## Task objective
Up to and including the line that holds "Stetson- Light Blue", print the data exactly from its first line; do not print the pictures.
....................
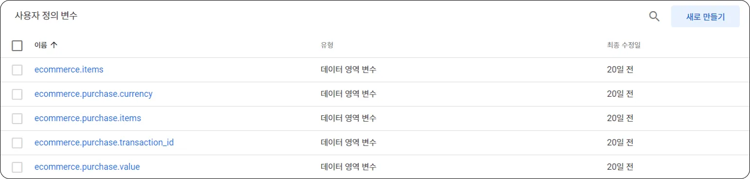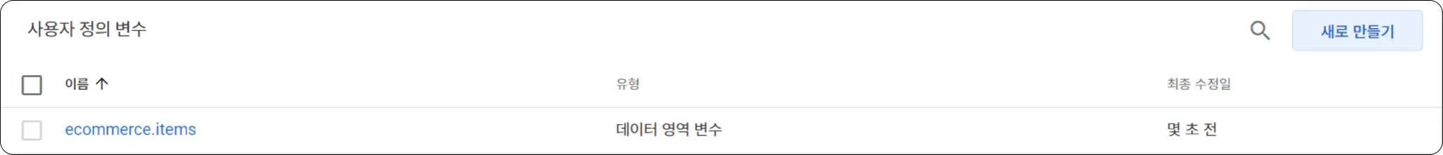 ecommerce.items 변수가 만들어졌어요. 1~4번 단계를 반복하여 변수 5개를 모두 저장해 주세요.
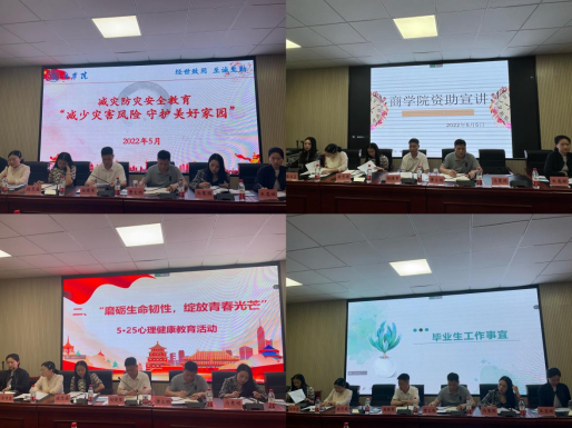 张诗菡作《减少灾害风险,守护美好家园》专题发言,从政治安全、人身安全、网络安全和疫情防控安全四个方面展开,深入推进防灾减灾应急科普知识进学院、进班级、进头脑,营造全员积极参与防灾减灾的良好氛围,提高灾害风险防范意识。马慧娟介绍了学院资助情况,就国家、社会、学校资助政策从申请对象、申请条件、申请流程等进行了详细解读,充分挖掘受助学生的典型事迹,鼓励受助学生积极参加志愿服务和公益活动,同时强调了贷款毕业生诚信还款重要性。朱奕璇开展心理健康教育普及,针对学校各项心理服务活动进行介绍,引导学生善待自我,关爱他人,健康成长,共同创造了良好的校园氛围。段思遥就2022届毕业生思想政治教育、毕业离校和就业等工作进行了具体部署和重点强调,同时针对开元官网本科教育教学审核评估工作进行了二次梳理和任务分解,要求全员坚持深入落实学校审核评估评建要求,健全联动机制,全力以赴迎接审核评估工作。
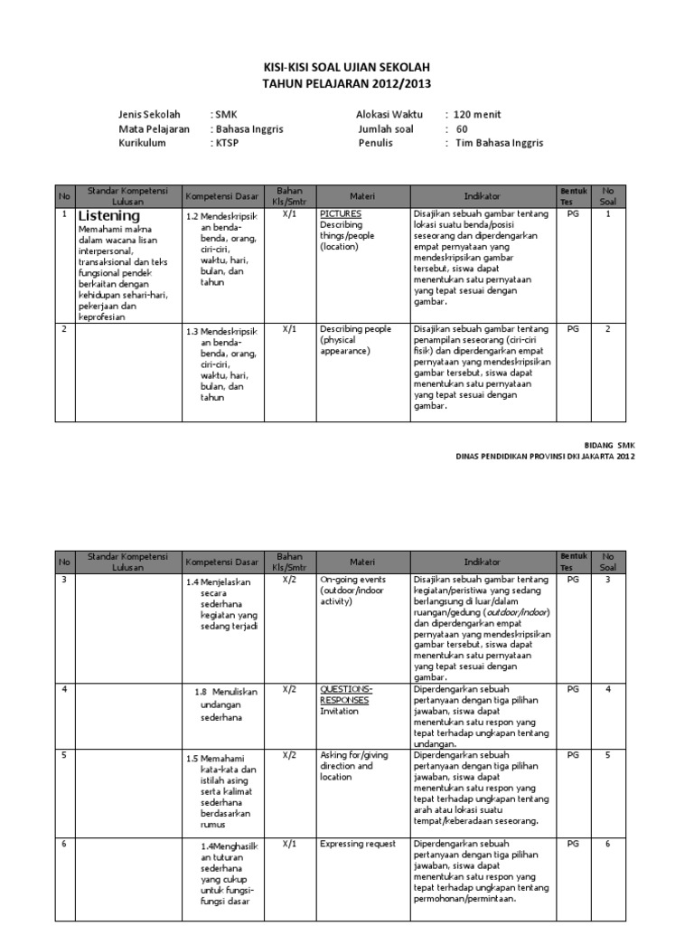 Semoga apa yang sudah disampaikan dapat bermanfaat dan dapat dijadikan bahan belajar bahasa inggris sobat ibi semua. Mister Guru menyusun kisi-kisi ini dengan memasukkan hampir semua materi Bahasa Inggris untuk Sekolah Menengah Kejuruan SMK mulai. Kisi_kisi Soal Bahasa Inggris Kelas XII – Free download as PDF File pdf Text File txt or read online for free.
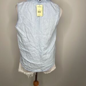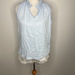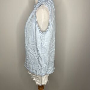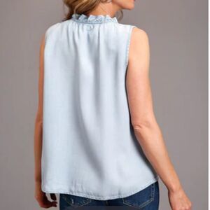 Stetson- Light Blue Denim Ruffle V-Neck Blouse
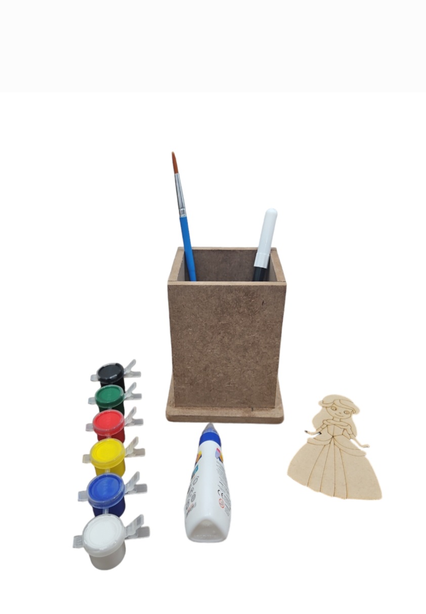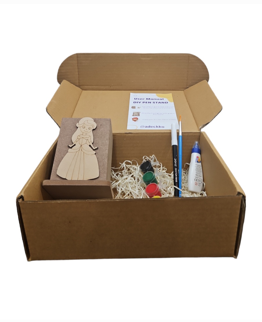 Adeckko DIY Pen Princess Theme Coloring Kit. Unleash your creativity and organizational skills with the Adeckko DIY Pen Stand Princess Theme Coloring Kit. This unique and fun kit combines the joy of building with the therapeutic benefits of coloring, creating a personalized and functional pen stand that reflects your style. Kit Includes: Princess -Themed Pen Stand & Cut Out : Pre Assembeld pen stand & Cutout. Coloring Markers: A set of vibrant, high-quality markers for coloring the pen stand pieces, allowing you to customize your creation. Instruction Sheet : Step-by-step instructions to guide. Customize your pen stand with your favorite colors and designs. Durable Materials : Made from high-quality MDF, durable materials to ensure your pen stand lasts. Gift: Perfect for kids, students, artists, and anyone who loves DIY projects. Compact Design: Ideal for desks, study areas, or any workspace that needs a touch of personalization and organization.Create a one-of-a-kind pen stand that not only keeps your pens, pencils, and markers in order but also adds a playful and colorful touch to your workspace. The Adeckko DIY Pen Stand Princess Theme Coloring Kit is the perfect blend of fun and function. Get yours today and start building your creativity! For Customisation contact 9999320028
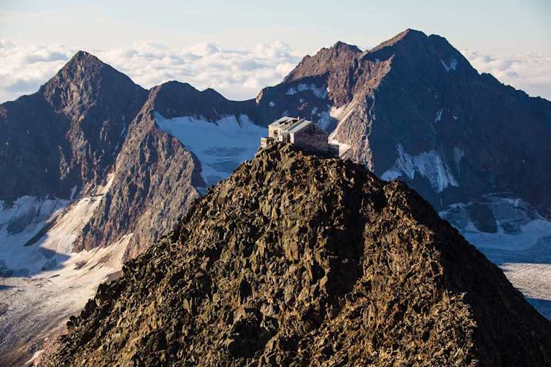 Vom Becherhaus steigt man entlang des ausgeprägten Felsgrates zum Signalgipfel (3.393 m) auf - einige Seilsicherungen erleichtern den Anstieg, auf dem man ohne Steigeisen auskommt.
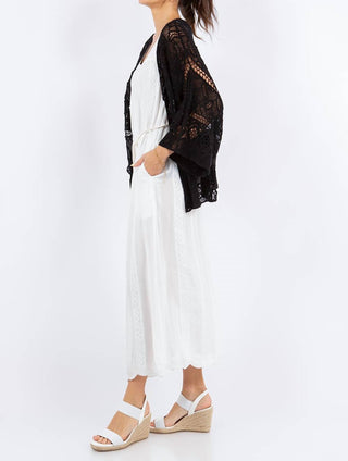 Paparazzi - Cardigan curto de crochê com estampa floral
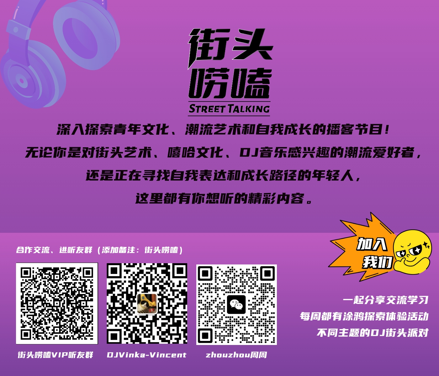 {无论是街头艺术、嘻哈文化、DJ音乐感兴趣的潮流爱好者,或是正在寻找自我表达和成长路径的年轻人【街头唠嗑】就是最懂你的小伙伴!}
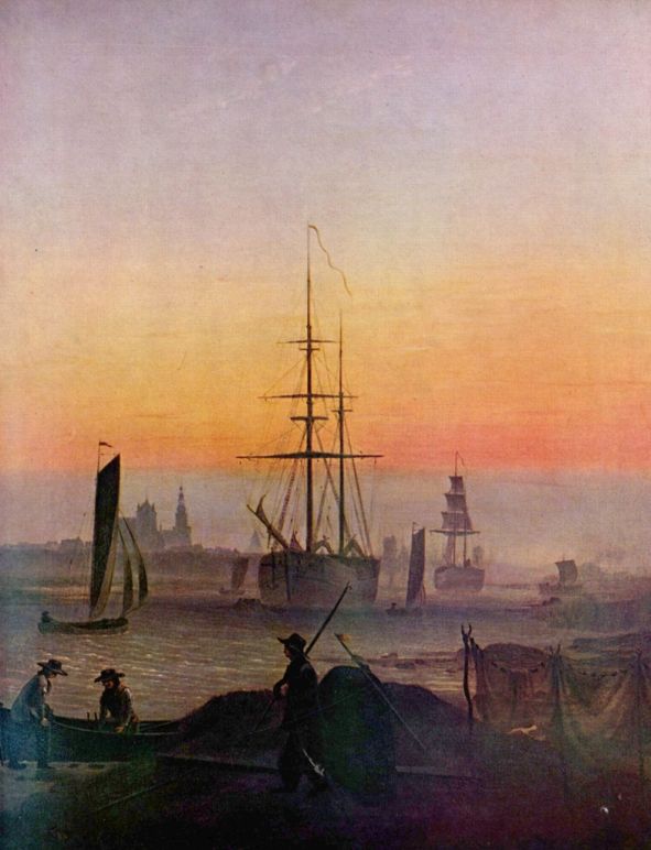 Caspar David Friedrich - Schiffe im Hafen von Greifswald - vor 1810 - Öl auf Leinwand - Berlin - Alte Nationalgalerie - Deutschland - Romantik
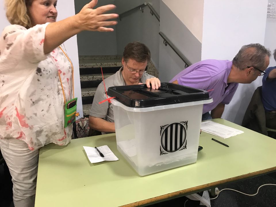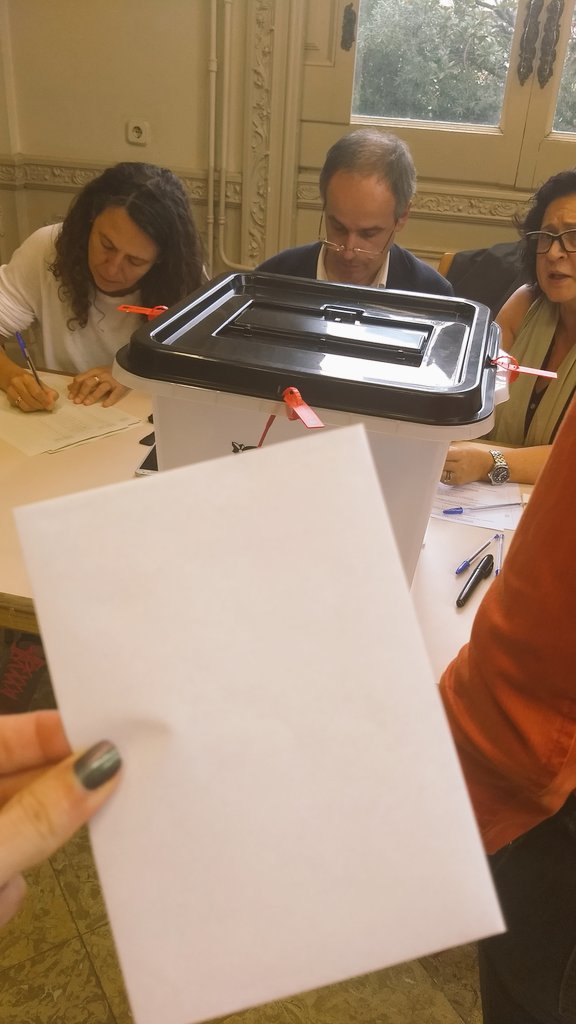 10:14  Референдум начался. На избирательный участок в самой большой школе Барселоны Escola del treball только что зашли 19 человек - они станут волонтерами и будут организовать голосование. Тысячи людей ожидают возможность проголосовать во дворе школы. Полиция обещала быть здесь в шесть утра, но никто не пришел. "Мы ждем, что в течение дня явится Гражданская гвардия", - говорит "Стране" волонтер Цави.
....................
## Written answer
 ecommerce.items 변수가 만들어졌어요. 1~4번 단계를 반복하여 변수 5개를 모두 저장해 주세요.
 张诗菡作《减少灾害风险,守护美好家园》专题发言,从政治安全、人身安全、网络安全和疫情防控安全四个方面展开,深入推进防灾减灾应急科普知识进学院、进班级、进头脑,营造全员积极参与防灾减灾的良好氛围,提高灾害风险防范意识。马慧娟介绍了学院资助情况,就国家、社会、学校资助政策从申请对象、申请条件、申请流程等进行了详细解读,充分挖掘受助学生的典型事迹,鼓励受助学生积极参加志愿服务和公益活动,同时强调了贷款毕业生诚信还款重要性。朱奕璇开展心理健康教育普及,针对学校各项心理服务活动进行介绍,引导学生善待自我,关爱他人,健康成长,共同创造了良好的校园氛围。段思遥就2022届毕业生思想政治教育、毕业离校和就业等工作进行了具体部署和重点强调,同时针对开元官网本科教育教学审核评估工作进行了二次梳理和任务分解,要求全员坚持深入落实学校审核评估评建要求,健全联动机制,全力以赴迎接审核评估工作。
 Semoga apa yang sudah disampaikan dapat bermanfaat dan dapat dijadikan bahan belajar bahasa inggris sobat ibi semua. Mister Guru menyusun kisi-kisi ini dengan memasukkan hampir semua materi Bahasa Inggris untuk Sekolah Menengah Kejuruan SMK mulai. Kisi_kisi Soal Bahasa Inggris Kelas XII – Free download as PDF File pdf Text File txt or read online for free.
 Stetson- Light Blue Denim Ruffle V-Neck Blouse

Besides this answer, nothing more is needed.